Task:
The output is a word-for-word repeat of the listing below, free of images.

Data under study Block Start

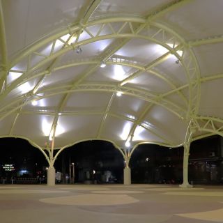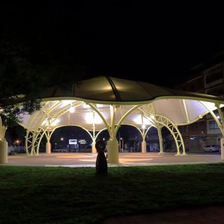 八德藝文廣場興建天幕,並增加照明設備,有別於光線直接往下投射造成刺眼,使用天幕的弧度和白色帆布,將光源平均安置在支架中央與四處,投射於天幕上,營造出協和氣氛,而周邊則使用高照明度的高燈,除了更襯托出天幕的美,亦提供安全度高的照明。
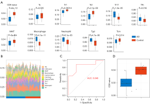 ImmuCellAI was used to predict the patient's response to immune checkpoint blockade therapy. This tool is based on gene set characteristics and is used to accurately assess the abundance and difference in the penetration of 24 immune cells from gene microarrays (18). This tool was used to analyze the immune infiltration of the DEmRNAs in the GSE122063 and GSE150696 datasets to identify key immune cells associated with AD. The former is the training set and the latter is the validation set. The receiver operating characteristic (ROC) curves were used for verification, and an area under the curve (AUC) value greater than 0.8 was set as the threshold (19).
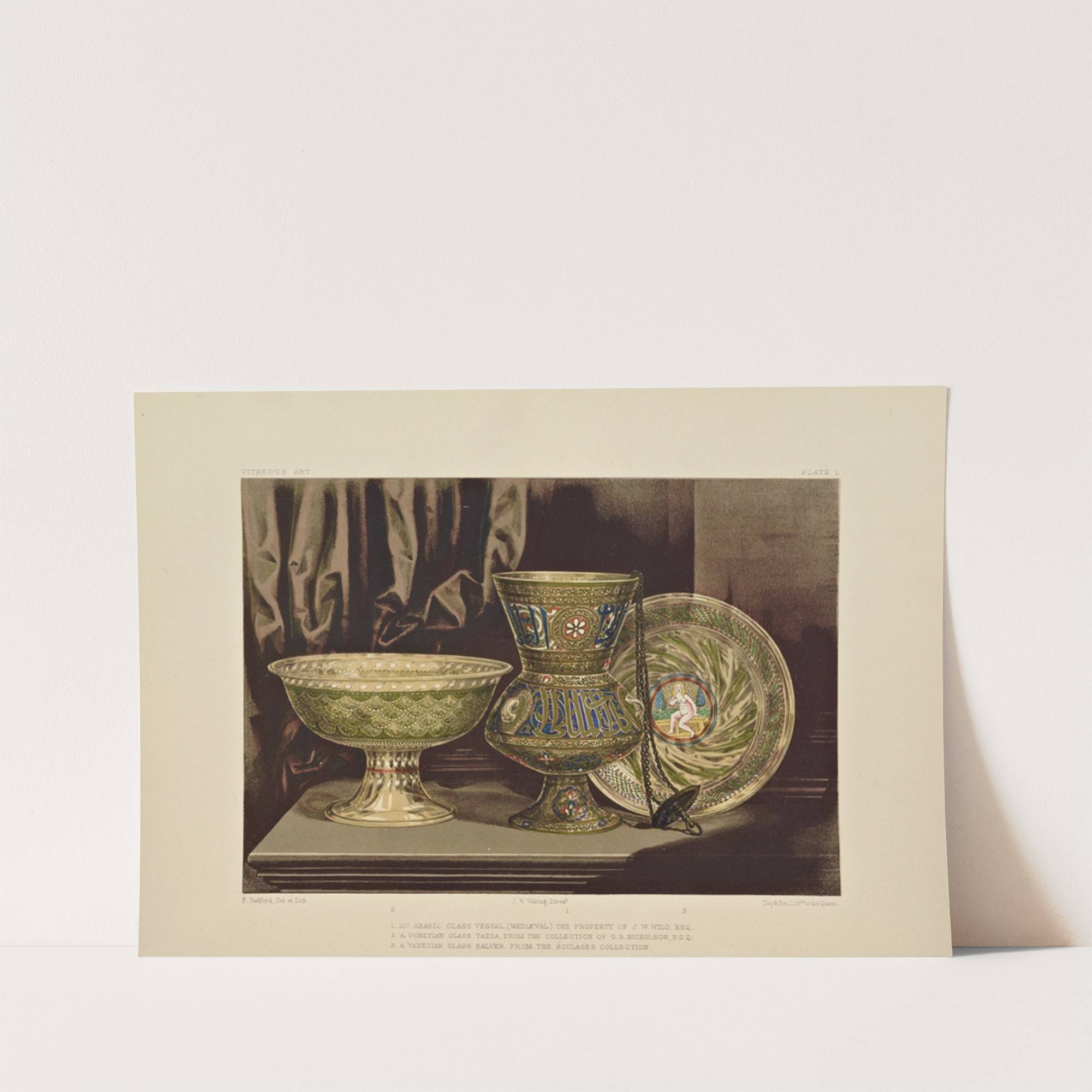 This exquisite art print showcases "Art Treasures of the United Kingdom Pl.37" by renowned artist Robert Dudley. The piece features an intricately detailed display of three ornate ceramic pieces positioned against a dark, textured background. On the left stands a...
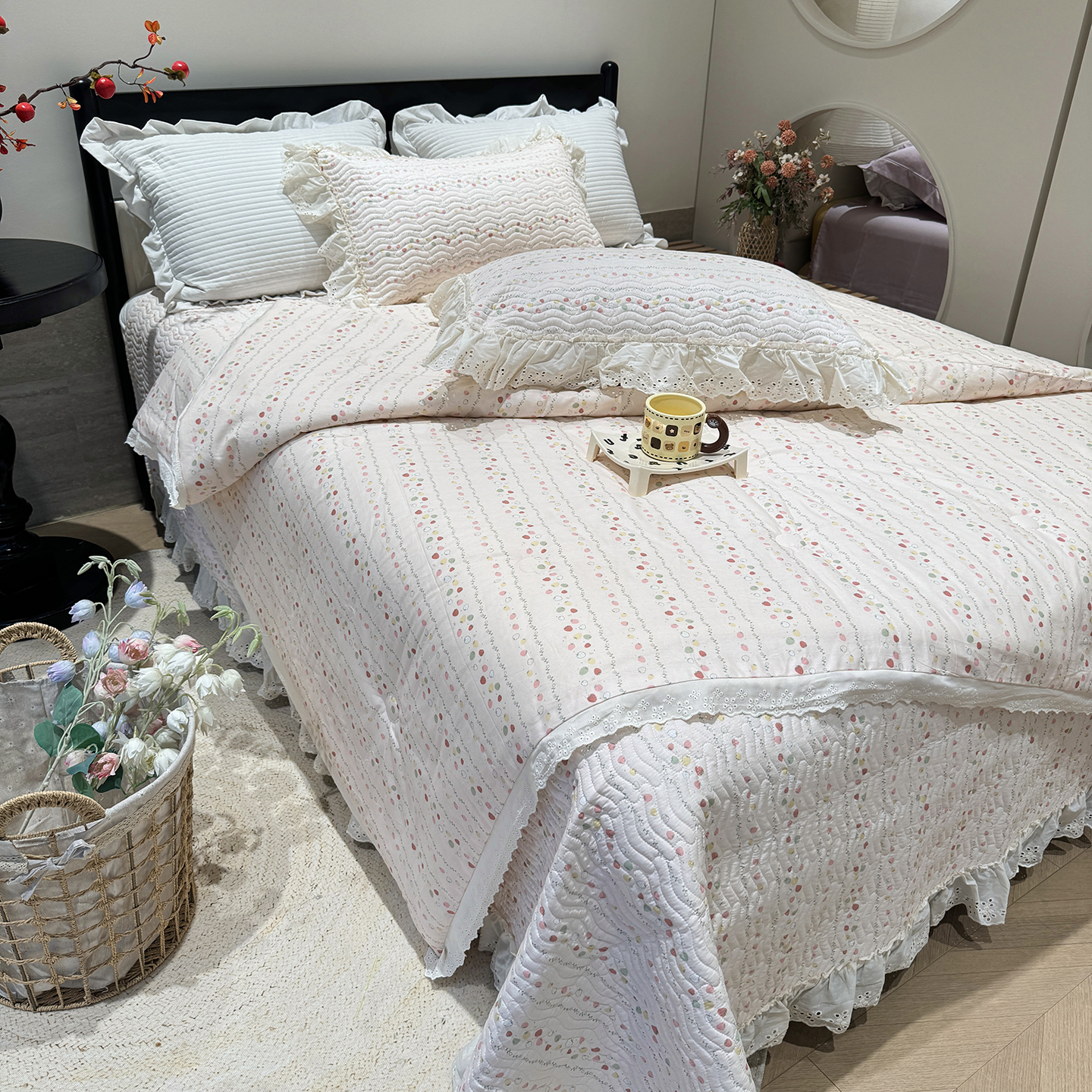(总)奈萝家纺 2025新款全棉纯棉床盖三件套可配同款四季被同款被套,草莓酱,芳草恋,蝴蝶结,极光之星,沫婉,沐辰花灰,沐辰花绿,千野绿,千野紫,清幽粉,薇语梦,夏梦,小小爱心,小小花园,心悦,樱桃可可,稚嫩蔷薇,紫悦
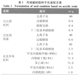 摘要:聚苯胺是一種導電分子,聚苯胺涂料因其性價比較高而被看作是新一代環境友好型的高效防腐涂料。本研究以過硫酸銨為引發料,十二烷基苯磺酸鈉為乳化劑,采用乳液聚合法制備丙烯酸樹脂乳液。分別采用乳液互穿網絡聚合法和乳液共混法制備聚苯胺—丙烯酸樹脂防腐涂料,并利用紅外顯微鏡技術分析聚苯胺在聚苯胺—丙烯酸樹脂防腐涂料中的分散性。涂層在馬口鐵上腐蝕電位和極化曲線的測試結果表明,采用乳液互穿網絡聚合法制備的聚苯胺—丙烯酸樹脂防腐涂層在w(NaCl)溶液中的開路電位比乳液共混法升高了0.596V,自腐蝕電流降低了1個數量級。 關鍵詞:聚苯胺,丙烯酸樹脂,防腐蝕,乳液,紅外顯微鏡 在眾多的導電高分子材料中,聚苯胺因其結構的多樣化、獨特的摻雜機制、良好的環境穩定性等諸多優異的物理化學性質,一躍成為當今導電高分子研究的熱點和推動力之一,已被廣泛地應用于各種領域[1-3]。其中,將聚苯胺用作防腐涂料以及研究其防腐蝕機理倍受人們的廣泛關注,因此,對聚苯胺及其復合物的研究具有非常重要的意義和廣闊的應用前景,被認為是目前最有希望獲得實際應用的導電高分子[4-6]。聚苯胺復合防腐涂層的制備方法主要有以下2種[5-7]:一是在聚苯胺涂層上涂覆面漆,與聚苯胺形成復合涂層;二是將聚苯胺粉末與其他聚合物成膜基料(如環氧樹脂、丙烯酸樹脂等)共混形成防腐涂層。這2種途徑都將使最終涂層體系的防腐性能得到極大的提升。其中第二種方法是目前研究聚苯胺防腐性能和機理應用最多的方法,并且大量研究表明聚苯胺與樹脂共混制備的防腐涂料不但具有陽極保護作用而且附著力和對水的屏蔽作用都優于前一種方法。丙烯酸樹脂乳液具有相對分子質量大、干燥成膜快、對于多種基材粘接性能好、透明度高、耐候耐水性好和無污染等優點。將聚苯胺與丙烯酸樹脂類乳液共混復合改性,可有效改善聚苯胺的溶解性、加工性,擴大其在涂料中的應用,有效發揮其防腐作用[8]。本研究用乳液法制備丙烯酸樹脂乳液,經過改性后,向其中加入苯胺單體進行乳液互穿網絡聚合。利用先進的紅外顯微鏡技術分析聚苯胺在丙烯酸樹脂中的分散性,用開路電位、極化曲線等電化學方法研究聚苯胺一丙烯酸樹脂復合涂層在馬口鐵表面的防腐性能。 l 實驗部分 1.1 實驗用原料 苯胺(ANI):天津市東麗區天大化學試劑廠,使用前經過二次蒸餾后使用;碳酸氫鈉:上海虹光化工廠;十二烷基苯磺酸鈉(LAS)、十六醇:天津市東麗區天大化學試劑廠;5-磺基水楊酸(SSA):天津市富宇精細化工有限公司;丙烯酰胺(AM)、甲基丙烯酸甲酯(MMA)、丙烯酸丁酯(BA)、苯乙烯(St)、甲基丙烯酸(MAA)、過硫酸銨(APS):天津市科密歐化學試劑有限公司,使用前經過減壓蒸餾除去阻聚劑。以上試劑均為分析純。 1.2丙烯酸樹脂種子乳液的制備 本實驗采用過硫酸銨為引發劑,十二烷基苯磺酸鈉為乳化劑,采用乳液聚合方法制備丙烯酸樹脂種子乳液。種子乳液的反應器配料、乳化單體配料以及引發劑溶液組成如表1所示。

Data under study Block End

Written answer:
 八德藝文廣場興建天幕,並增加照明設備,有別於光線直接往下投射造成刺眼,使用天幕的弧度和白色帆布,將光源平均安置在支架中央與四處,投射於天幕上,營造出協和氣氛,而周邊則使用高照明度的高燈,除了更襯托出天幕的美,亦提供安全度高的照明。
 ImmuCellAI was used to predict the patient's response to immune checkpoint blockade therapy. This tool is based on gene set characteristics and is used to accurately assess the abundance and difference in the penetration of 24 immune cells from gene microarrays (18). This tool was used to analyze the immune infiltration of the DEmRNAs in the GSE122063 and GSE150696 datasets to identify key immune cells associated with AD. The former is the training set and the latter is the validation set. The receiver operating characteristic (ROC) curves were used for verification, and an area under the curve (AUC) value greater than 0.8 was set as the threshold (19).
 This exquisite art print showcases "Art Treasures of the United Kingdom Pl.37" by renowned artist Robert Dudley. The piece features an intricately detailed display of three ornate ceramic pieces positioned against a dark, textured background. On the left stands a...
(总)奈萝家纺 2025新款全棉纯棉床盖三件套可配同款四季被同款被套,草莓酱,芳草恋,蝴蝶结,极光之星,沫婉,沐辰花灰,沐辰花绿,千野绿,千野紫,清幽粉,薇语梦,夏梦,小小爱心,小小花园,心悦,樱桃可可,稚嫩蔷薇,紫悦
 摘要:聚苯胺是一種導電分子,聚苯胺涂料因其性價比較高而被看作是新一代環境友好型的高效防腐涂料。本研究以過硫酸銨為引發料,十二烷基苯磺酸鈉為乳化劑,采用乳液聚合法制備丙烯酸樹脂乳液。分別采用乳液互穿網絡聚合法和乳液共混法制備聚苯胺—丙烯酸樹脂防腐涂料,并利用紅外顯微鏡技術分析聚苯胺在聚苯胺—丙烯酸樹脂防腐涂料中的分散性。涂層在馬口鐵上腐蝕電位和極化曲線的測試結果表明,采用乳液互穿網絡聚合法制備的聚苯胺—丙烯酸樹脂防腐涂層在w(NaCl)溶液中的開路電位比乳液共混法升高了0.596V,自腐蝕電流降低了1個數量級。 關鍵詞:聚苯胺,丙烯酸樹脂,防腐蝕,乳液,紅外顯微鏡 在眾多的導電高分子材料中,聚苯胺因其結構的多樣化、獨特的摻雜機制、良好的環境穩定性等諸多優異的物理化學性質,一躍成為當今導電高分子研究的熱點和推動力之一,已被廣泛地應用于各種領域[1-3]。其中,將聚苯胺用作防腐涂料以及研究其防腐蝕機理倍受人們的廣泛關注,因此,對聚苯胺及其復合物的研究具有非常重要的意義和廣闊的應用前景,被認為是目前最有希望獲得實際應用的導電高分子[4-6]。聚苯胺復合防腐涂層的制備方法主要有以下2種[5-7]:一是在聚苯胺涂層上涂覆面漆,與聚苯胺形成復合涂層;二是將聚苯胺粉末與其他聚合物成膜基料(如環氧樹脂、丙烯酸樹脂等)共混形成防腐涂層。這2種途徑都將使最終涂層體系的防腐性能得到極大的提升。其中第二種方法是目前研究聚苯胺防腐性能和機理應用最多的方法,并且大量研究表明聚苯胺與樹脂共混制備的防腐涂料不但具有陽極保護作用而且附著力和對水的屏蔽作用都優于前一種方法。丙烯酸樹脂乳液具有相對分子質量大、干燥成膜快、對于多種基材粘接性能好、透明度高、耐候耐水性好和無污染等優點。將聚苯胺與丙烯酸樹脂類乳液共混復合改性,可有效改善聚苯胺的溶解性、加工性,擴大其在涂料中的應用,有效發揮其防腐作用[8]。本研究用乳液法制備丙烯酸樹脂乳液,經過改性后,向其中加入苯胺單體進行乳液互穿網絡聚合。利用先進的紅外顯微鏡技術分析聚苯胺在丙烯酸樹脂中的分散性,用開路電位、極化曲線等電化學方法研究聚苯胺一丙烯酸樹脂復合涂層在馬口鐵表面的防腐性能。 l 實驗部分 1.1 實驗用原料 苯胺(ANI):天津市東麗區天大化學試劑廠,使用前經過二次蒸餾后使用;碳酸氫鈉:上海虹光化工廠;十二烷基苯磺酸鈉(LAS)、十六醇:天津市東麗區天大化學試劑廠;5-磺基水楊酸(SSA):天津市富宇精細化工有限公司;丙烯酰胺(AM)、甲基丙烯酸甲酯(MMA)、丙烯酸丁酯(BA)、苯乙烯(St)、甲基丙烯酸(MAA)、過硫酸銨(APS):天津市科密歐化學試劑有限公司,使用前經過減壓蒸餾除去阻聚劑。以上試劑均為分析純。 1.2丙烯酸樹脂種子乳液的制備 本實驗采用過硫酸銨為引發劑,十二烷基苯磺酸鈉為乳化劑,采用乳液聚合方法制備丙烯酸樹脂種子乳液。種子乳液的反應器配料、乳化單體配料以及引發劑溶液組成如表1所示。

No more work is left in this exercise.